Toltec Ranch Co. v. Cook, supra, involved a grant of lands to the Central Pacific Railroad Company, made by act of Congress of July 1, 1862 (12 U. S. Stats, at L. 489), as amended by Act of July 2, 1864 (13 U. S. Stats, at L. 356). The action was in ejectment; plaintiff based his title on adverse possession, initiated and continued for the period prescribed by the statute of limitations of Utah, before patent was issued by the United States to the railroad company. The defendant claimed title by deed from the railroad company. The court sustained the claim of title by adverse possession, and speaking through Mr. Justice McKenna, said:

“The question presented is whether adverse possession under claim of right for the period prescribed by the statute of limitations of Utah before patent was issued by the United States can prevail against *313the latter. It has been decided by this court that adverse possession of land gives title to it and all of the remedies which attach to the title. This was expressly ruled in Sharon v. Tucker, 144 U. S. 533 (36 L. Ed. 532, 12 Sup. Ct. Rep. 720). * *
“Adverse possession, therefore, may be said to transfer the title as effectually as a conveyance from the owner; it may be considered as tantamount to a conveyance. And the Central Pacific Railroad Company had the title. Deseret Salt Co. v. Tarpey, 142 U. S. 241 (35 L. Ed. 999, 12 Sup. Ct. Rep. 158). It would seem, therefore, an irresistible conclusion that it could have been transferred by any of the means which the law provided.”

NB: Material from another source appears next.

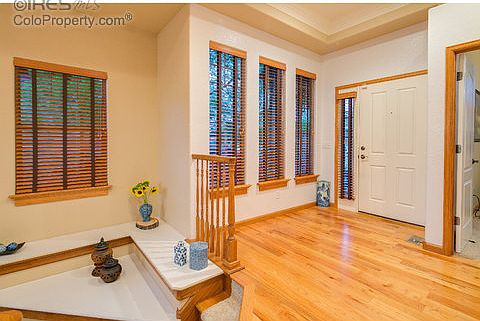 Fabulous bright & open floor plan with spacious master bed/bath on both levels! Upgraded kitchen appliances including gas stove,beautiful custom floor-to-ceiling slate fireplace surround in living room, oak floors throughout main level, beautifully-designed and extended patio made of zero-maintenance Trex decking, finished daylight basement with 3 beds, 2 full baths, huge family room and radiant heating in basement floor. Amazing views of Long's Peak from the patio, living room,& master bedroom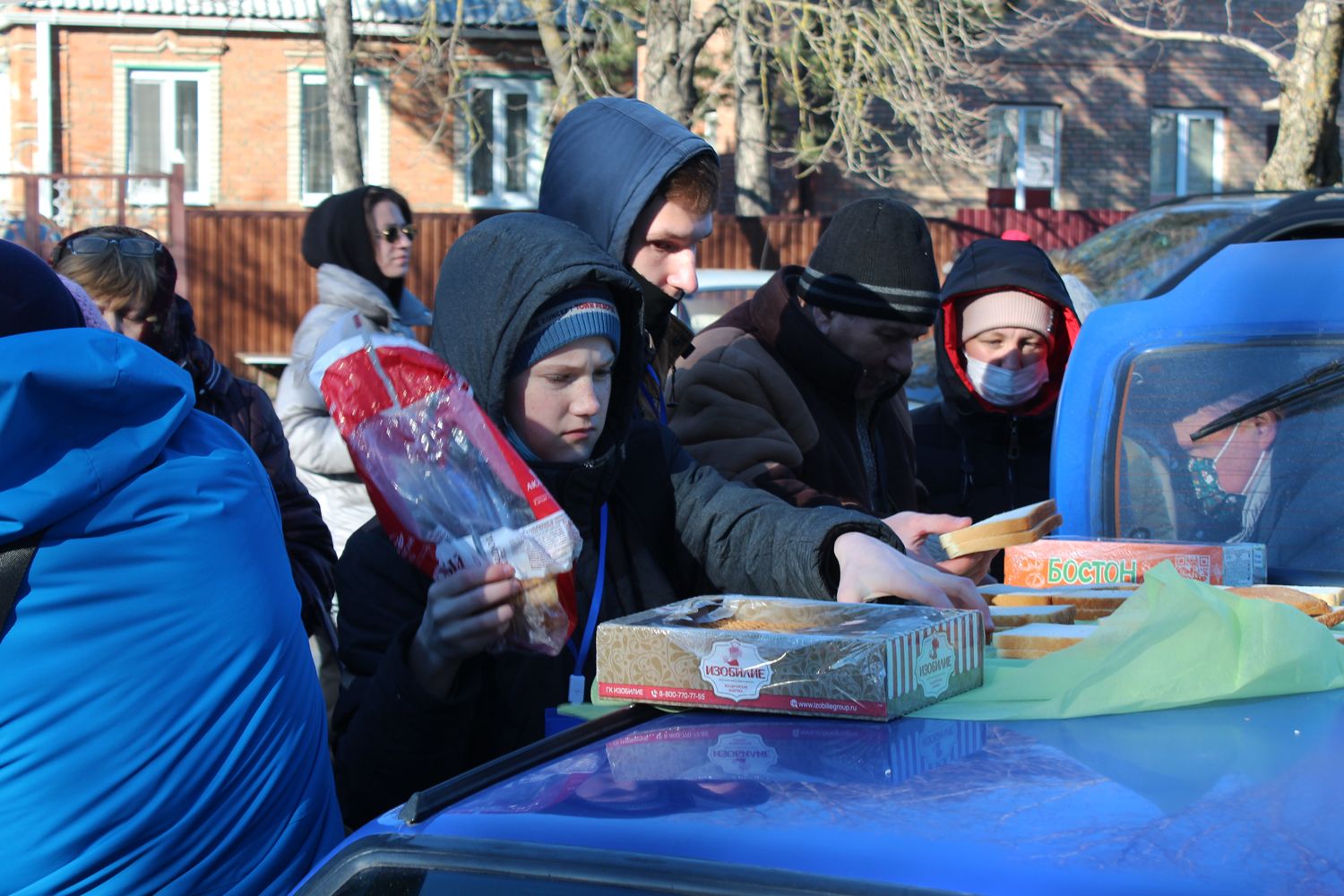 Возле машин выстраиваются очереди. Тут же у забора стоит синяя «Ока» с едой; люди пытаются дотянуться до хлеба и печенья.

Iowa R. Land Co. v. Blumer, supra, involved a tract of land included in the grant made by the act of Congress of May 15, 1856 (11 U. S. Stats, at L. 9), to the state of Iowa, in aid of the construction of certain railways in that state, which lands were later granted by the state of Iowa to the Iowa Palls and Sioux City Railway Company, which company in turn had conveyed the lands to the Iowa Railroad Land Company. Plaintiff brought the suit for the purpose of quieting the title to forty acres, and claimed title in himself by adverse possession for more than ten years. Two defenses were urged. First, that under the terms of the grant the legal title did not pass from the government until the completion of the road; and second, that the predecessor in interest of the plaintiff (Carraher), during his possession of the premises, attempted to effect a timber culture entry upon the lands in the general land office of the United States, and thereby recognized title in the United States, which act, it was claimed, precluded plaintiff, his successor, from using that possession in support of his claim of adverse possession. *314Plaintiff prevailed. Rejecting’ the first defense, the court, speaking through Mr. Justice Day, said:

“But when the grant is in praesenti, and nothing remains to be done for the administration of the grant in the Land Department, and the conditions of the grant have been complied with and the grant fully earned, as in this case, notwithstanding the want of final certification and the issue of the patent, the railroad company had such title as would enable it to maintain ejectment against one wrongfully on the lands, and title by prescription would run against it in favor of one in adverse possession under color of title.”

Answering the second defense, the court said:

“After 1891, as we have seen, the railway company was in position to have ousted him (Carraher) from the premises and asserted its superior title and right. It did not attempt to do this, and, so far as the record discloses, made no objection to Carraher planting and cultivating the trees required by the act of Congress to perfect his title under the second application. His possession was certainly open, notorious, continuous, and adverse, and, unless he was acting* in bad faith, was such as would ripen into full title as against the railway company. # * And for more than ten years that company was in such position under its grant that it might have maintained an action in ejectment and asserted its title to the premises as against Carraher. ’ ’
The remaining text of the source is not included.